We can run a fairly simple example using blobs like this:
from sklearn.datasets import make_blobs
from mmd_critic import MMDCritic
from mmd_critic.kernels import RBFKerneln_samples = 50 # Total number of samples
centers = 4 # Number of clusters
cluster_std = 1 # Standard deviation of the clusters
x, _ = make_blobs(n_samples=n_samples, centers=centers, cluster_std=cluster_std, n_features=2, random_state=42)
x = x.tolist()
# MMD critic with the kernel used for the prototypes being an RBF with sigma=1,
# for the criticisms one with sigma=0.025
critic = MMDCritic(x, RBFKernel(1), RBFKernel(0.025))
protos, _ = critic.select_prototypes(centers)
criticisms, _ = critic.select_criticisms(10, protos)
Then, plotting the points and critiques leads us to…
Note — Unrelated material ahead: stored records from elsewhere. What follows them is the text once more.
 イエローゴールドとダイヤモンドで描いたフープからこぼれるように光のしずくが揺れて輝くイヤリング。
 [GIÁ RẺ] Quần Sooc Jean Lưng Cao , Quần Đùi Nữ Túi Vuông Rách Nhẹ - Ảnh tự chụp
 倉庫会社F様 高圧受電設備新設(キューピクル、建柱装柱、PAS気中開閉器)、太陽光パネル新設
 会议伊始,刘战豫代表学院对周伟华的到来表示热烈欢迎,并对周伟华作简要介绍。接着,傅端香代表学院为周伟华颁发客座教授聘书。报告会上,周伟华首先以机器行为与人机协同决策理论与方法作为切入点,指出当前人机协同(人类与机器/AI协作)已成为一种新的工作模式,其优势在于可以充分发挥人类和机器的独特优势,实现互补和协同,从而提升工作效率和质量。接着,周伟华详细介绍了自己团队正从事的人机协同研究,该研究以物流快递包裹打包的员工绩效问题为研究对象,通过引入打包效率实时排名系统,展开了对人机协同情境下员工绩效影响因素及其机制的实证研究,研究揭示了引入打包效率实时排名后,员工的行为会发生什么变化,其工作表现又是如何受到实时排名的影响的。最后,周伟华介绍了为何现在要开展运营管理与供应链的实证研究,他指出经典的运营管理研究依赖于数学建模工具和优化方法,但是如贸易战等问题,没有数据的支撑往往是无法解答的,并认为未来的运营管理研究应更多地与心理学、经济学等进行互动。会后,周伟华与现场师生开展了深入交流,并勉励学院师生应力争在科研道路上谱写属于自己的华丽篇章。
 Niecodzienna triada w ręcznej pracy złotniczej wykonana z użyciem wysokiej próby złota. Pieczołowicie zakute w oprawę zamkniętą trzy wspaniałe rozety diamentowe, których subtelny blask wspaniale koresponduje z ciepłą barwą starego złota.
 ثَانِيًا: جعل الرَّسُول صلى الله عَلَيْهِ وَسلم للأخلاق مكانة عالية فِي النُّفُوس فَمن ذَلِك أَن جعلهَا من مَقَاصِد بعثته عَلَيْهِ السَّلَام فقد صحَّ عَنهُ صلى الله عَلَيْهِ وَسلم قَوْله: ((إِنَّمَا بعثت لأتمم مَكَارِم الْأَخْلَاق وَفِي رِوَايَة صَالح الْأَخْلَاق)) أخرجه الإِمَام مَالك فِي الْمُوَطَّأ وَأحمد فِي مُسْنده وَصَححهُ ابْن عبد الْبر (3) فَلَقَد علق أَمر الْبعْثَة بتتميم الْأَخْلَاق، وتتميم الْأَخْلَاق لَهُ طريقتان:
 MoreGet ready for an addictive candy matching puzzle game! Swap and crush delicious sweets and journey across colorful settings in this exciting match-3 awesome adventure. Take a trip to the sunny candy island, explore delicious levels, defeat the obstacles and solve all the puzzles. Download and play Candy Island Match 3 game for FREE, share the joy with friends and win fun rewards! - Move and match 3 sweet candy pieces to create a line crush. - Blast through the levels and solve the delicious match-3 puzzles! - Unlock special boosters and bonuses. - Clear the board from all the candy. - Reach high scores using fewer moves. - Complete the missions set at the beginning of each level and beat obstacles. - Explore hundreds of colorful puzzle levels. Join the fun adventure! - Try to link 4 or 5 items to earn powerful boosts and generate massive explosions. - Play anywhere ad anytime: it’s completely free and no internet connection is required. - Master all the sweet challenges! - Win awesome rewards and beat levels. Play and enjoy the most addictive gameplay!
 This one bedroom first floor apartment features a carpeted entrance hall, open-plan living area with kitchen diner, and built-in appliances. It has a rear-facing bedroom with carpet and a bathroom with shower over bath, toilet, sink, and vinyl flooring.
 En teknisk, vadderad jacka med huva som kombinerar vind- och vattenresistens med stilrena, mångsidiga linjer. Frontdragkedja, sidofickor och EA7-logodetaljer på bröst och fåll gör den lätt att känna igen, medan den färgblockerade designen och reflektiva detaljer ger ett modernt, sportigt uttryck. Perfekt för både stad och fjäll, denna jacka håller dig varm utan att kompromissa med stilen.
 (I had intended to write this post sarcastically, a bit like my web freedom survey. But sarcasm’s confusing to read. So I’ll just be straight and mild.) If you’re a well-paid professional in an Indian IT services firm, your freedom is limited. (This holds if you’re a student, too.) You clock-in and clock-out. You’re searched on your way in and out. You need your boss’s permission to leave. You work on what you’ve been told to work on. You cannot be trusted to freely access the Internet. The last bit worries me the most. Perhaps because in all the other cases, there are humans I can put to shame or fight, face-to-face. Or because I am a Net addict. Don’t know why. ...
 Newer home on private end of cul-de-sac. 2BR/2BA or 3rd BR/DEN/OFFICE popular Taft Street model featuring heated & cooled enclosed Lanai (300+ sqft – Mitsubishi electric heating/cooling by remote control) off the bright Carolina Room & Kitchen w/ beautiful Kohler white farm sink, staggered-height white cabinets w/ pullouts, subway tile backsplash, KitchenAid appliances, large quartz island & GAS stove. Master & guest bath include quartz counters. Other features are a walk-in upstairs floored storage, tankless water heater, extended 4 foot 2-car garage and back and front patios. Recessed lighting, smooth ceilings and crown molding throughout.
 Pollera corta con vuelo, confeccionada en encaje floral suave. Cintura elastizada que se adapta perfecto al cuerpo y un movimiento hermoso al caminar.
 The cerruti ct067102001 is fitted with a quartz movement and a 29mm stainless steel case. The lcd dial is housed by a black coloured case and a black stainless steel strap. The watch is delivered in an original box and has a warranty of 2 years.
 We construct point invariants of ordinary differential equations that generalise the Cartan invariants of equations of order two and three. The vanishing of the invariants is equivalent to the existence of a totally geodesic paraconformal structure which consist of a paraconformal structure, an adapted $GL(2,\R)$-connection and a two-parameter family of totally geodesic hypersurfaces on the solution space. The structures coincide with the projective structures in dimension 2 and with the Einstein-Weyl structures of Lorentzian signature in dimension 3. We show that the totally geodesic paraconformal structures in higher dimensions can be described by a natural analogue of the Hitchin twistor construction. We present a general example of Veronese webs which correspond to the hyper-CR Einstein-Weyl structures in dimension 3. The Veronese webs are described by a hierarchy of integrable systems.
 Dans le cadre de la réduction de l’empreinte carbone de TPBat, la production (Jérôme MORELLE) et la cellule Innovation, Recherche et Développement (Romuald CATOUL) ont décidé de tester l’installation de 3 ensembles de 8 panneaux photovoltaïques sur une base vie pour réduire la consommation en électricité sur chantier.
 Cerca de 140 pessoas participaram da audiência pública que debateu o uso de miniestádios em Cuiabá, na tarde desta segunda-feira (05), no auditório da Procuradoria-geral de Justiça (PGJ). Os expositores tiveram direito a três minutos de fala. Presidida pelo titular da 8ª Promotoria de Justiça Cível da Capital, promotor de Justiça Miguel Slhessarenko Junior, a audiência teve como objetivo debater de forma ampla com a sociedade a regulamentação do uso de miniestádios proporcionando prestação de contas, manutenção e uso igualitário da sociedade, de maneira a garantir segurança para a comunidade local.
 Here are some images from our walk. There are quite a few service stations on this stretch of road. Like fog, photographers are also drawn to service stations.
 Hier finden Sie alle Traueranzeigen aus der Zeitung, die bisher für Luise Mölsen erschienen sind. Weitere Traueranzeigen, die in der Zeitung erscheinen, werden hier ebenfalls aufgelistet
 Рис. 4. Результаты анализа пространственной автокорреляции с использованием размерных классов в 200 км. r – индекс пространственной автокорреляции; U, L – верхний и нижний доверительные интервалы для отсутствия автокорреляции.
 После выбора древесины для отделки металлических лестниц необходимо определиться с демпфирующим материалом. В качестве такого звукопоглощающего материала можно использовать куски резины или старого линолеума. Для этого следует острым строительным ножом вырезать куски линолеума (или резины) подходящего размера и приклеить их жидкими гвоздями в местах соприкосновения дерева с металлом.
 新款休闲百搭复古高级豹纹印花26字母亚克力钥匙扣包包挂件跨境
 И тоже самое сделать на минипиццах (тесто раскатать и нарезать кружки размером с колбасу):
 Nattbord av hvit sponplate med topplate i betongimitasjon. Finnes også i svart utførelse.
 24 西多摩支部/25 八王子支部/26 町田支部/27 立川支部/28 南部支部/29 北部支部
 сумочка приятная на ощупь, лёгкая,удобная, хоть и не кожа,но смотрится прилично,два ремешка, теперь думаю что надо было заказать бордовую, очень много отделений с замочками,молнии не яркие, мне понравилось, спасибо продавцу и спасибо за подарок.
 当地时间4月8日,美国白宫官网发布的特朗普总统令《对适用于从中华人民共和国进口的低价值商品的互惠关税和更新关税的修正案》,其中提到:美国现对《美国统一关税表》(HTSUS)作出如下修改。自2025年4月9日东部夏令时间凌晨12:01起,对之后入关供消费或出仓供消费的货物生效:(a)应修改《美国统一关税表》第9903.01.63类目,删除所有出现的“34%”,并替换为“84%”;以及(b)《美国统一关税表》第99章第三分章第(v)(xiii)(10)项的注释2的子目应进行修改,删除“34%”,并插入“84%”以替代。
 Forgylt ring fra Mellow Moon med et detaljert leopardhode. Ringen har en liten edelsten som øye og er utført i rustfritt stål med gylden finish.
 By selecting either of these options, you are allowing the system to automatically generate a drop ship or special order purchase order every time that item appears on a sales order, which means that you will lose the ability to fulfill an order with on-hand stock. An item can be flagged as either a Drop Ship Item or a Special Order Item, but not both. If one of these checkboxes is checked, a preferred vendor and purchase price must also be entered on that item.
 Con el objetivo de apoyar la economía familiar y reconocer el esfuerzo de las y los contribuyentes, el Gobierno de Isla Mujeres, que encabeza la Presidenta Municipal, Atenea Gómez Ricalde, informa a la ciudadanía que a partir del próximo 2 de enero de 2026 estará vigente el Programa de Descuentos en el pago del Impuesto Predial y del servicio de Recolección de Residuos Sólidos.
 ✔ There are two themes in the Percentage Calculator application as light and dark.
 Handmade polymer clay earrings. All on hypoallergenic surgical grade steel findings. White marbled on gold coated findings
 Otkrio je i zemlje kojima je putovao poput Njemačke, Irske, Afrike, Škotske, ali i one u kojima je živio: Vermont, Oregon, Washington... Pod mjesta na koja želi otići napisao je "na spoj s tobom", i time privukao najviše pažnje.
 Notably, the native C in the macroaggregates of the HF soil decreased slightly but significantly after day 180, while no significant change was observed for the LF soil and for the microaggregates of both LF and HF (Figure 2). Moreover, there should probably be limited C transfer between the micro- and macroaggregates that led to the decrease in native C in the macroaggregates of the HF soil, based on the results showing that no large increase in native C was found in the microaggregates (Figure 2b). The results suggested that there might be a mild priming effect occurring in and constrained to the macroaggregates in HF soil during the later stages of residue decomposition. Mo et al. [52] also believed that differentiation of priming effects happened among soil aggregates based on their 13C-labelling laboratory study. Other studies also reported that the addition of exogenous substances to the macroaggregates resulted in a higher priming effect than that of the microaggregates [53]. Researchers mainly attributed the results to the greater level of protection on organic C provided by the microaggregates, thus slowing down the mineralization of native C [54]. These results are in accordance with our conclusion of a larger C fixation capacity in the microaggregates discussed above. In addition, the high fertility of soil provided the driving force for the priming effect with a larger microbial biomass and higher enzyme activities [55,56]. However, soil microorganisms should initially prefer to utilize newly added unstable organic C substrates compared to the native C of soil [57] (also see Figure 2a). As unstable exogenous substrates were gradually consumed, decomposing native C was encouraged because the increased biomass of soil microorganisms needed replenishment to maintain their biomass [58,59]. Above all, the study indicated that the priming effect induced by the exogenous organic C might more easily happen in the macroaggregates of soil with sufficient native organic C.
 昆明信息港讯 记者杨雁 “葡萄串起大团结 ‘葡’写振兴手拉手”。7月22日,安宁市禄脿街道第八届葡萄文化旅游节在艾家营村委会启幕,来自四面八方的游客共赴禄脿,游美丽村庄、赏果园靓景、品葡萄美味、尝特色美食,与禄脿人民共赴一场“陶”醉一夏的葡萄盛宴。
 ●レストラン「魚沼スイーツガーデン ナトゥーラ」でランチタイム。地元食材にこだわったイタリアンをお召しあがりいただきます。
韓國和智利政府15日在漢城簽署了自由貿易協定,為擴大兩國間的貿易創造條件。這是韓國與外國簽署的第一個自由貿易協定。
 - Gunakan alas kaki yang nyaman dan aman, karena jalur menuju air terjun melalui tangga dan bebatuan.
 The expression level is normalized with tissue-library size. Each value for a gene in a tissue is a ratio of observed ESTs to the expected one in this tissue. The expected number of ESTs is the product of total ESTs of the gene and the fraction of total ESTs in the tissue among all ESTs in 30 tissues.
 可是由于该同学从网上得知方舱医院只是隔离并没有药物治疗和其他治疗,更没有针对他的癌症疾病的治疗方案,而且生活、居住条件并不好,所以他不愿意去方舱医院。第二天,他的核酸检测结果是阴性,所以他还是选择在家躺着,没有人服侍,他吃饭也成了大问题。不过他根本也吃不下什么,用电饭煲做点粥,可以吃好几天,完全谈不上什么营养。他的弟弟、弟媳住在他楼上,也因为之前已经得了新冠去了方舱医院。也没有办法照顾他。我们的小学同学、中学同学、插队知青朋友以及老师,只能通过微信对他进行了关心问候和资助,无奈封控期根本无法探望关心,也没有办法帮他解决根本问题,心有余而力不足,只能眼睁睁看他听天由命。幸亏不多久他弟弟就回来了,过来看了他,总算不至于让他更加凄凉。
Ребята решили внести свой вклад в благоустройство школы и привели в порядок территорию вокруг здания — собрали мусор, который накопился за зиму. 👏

You'll notice that I provided the option to use a separate kernel for prototype and critique selection. This is because I found that critique results, in particular, can be extremely Sensitive to the sigma hyperparameter. This is an unfortunate limitation of the MMD Critic method and kernel methods in general. I have generally had good results using a large sigma for prototypes and a smaller one for critiques.
Of course, we can also use a more complex dataset. Here, for example, the method used in MNIST is shown.³:
from sklearn.datasets import fetch_openml
import numpy as np
from mmd_critic import MMDCritic
from mmd_critic.kernels import RBFKernel# Load MNIST data
mnist = fetch_openml('mnist_784', version=1)
images = (mnist('data').astype(np.float32)).to_numpy() / 255.0
labels = mnist('target').astype(np.int64)
critic = MMDCritic(images(:15000), RBFKernel(2.5), RBFKernel(0.025))
protos, _ = critic.select_prototypes(40)
criticisms, _ = critic.select_criticisms(40, protos)
Which brings us to the next prototypes
and criticism
Pretty neat, huh?
And that's all about the MMD-Critic method. It's pretty simple in essence and nice to use, except for having to play with the Sigma hyperparameter. I hope the newly released Python package will give it more use.
For any inquiries, please contact [email protected]. All images are the property of the author unless otherwise noted.